Aiven InfluxDB services may run out of memory when a lot of metrics points are stored in the DB causing the number of total series grow to such high levels that the server does not have enough memory to handle all of them. When this situation happens, Aiven automation reacts to such service unavailability by automatically rebuilding a replacement server.
The most common cause for the high InfluxDB memory usage is that there is a large number of unique metrics series in the database and the current InfluxDB TSM storage engine requires some memory for each series. Memory allocated by the InfluxDB process until it completely runs out of available memory.

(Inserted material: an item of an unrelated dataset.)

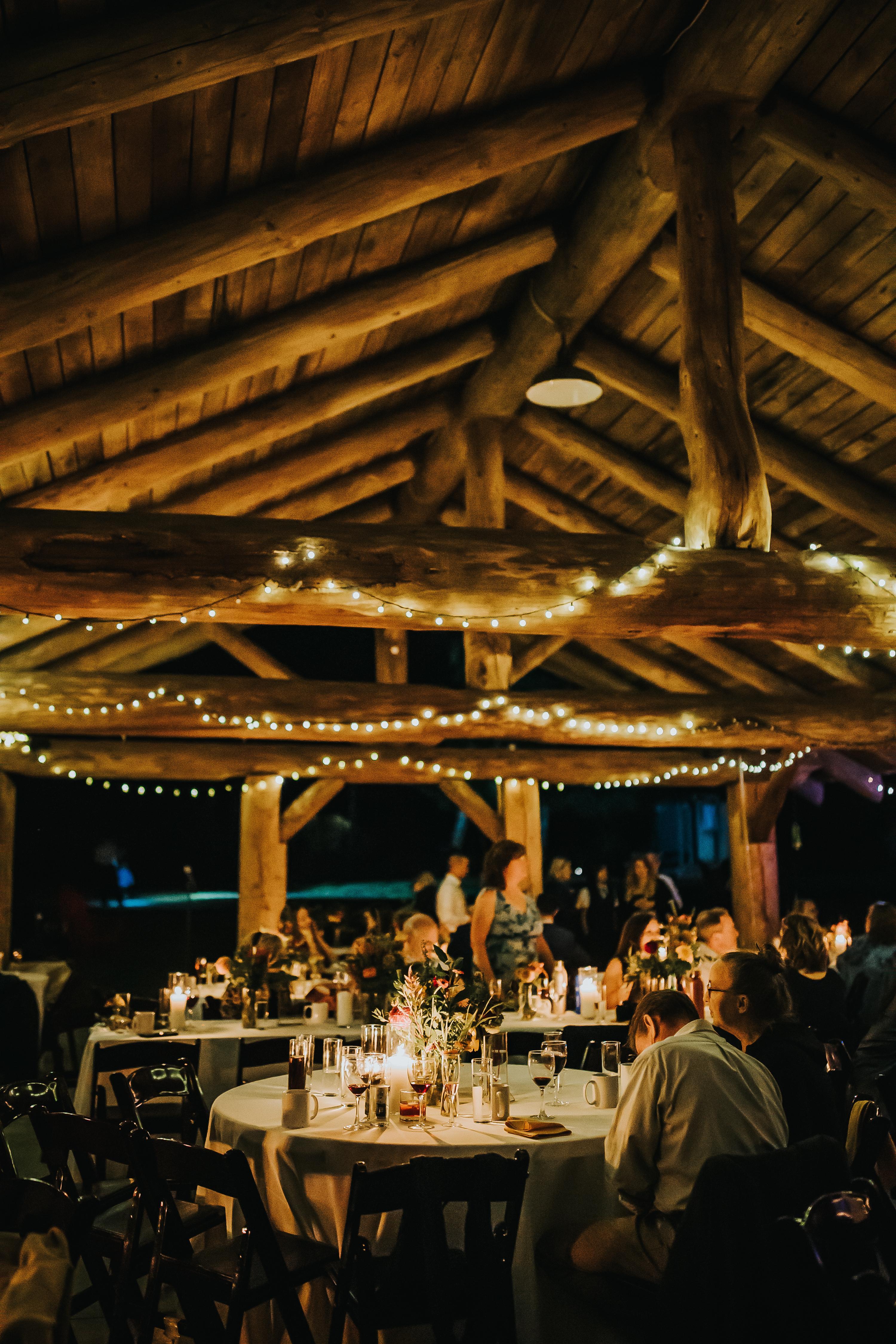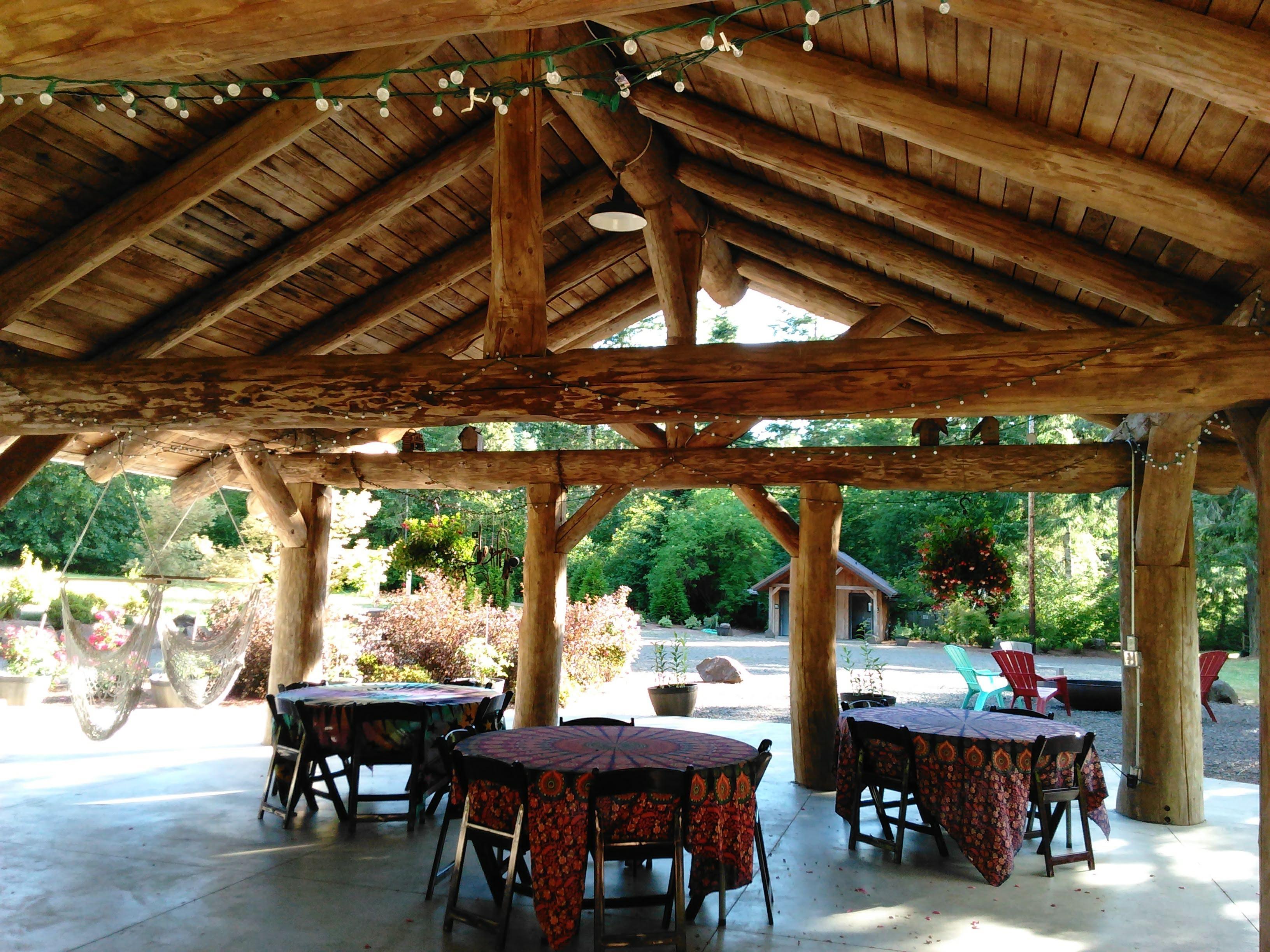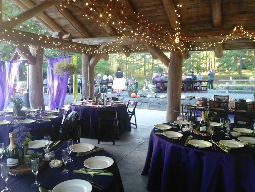 -String Lighting, 120 chairs & 13 tables, massive log buffet table, fir slab wine barrel bar, and fir slab gift table on winer barrels.

The options in such cases are either reducing the number of individual series or upgrading the service plan to a larger one that has more memory. A very high number of unique series is most often caused by using many unique tag combinations when writing data into the DB.
NOTE: Each unique tag combination is effectively a series of its own in the TSM storage engine.
Here are a couple of links describing series cardinality and related issues:
InfluxDB 1.4 and greater have a few query language commands for investigating series cardinality. You can find more information about these commands from the InfluxDB documentation.
Aiven support can also provide you with a more detailed cardinality report as given by the
influx_inspect report command. Please contact support via the Aiven console online chat tool or via firstname.lastname@example.org to request a report.
InfluxDB 1.4 also introduced a new database format called TSI that is designed to handle very high series cardinality, but the technology is not production ready quite yet in InfluxDB 1.4.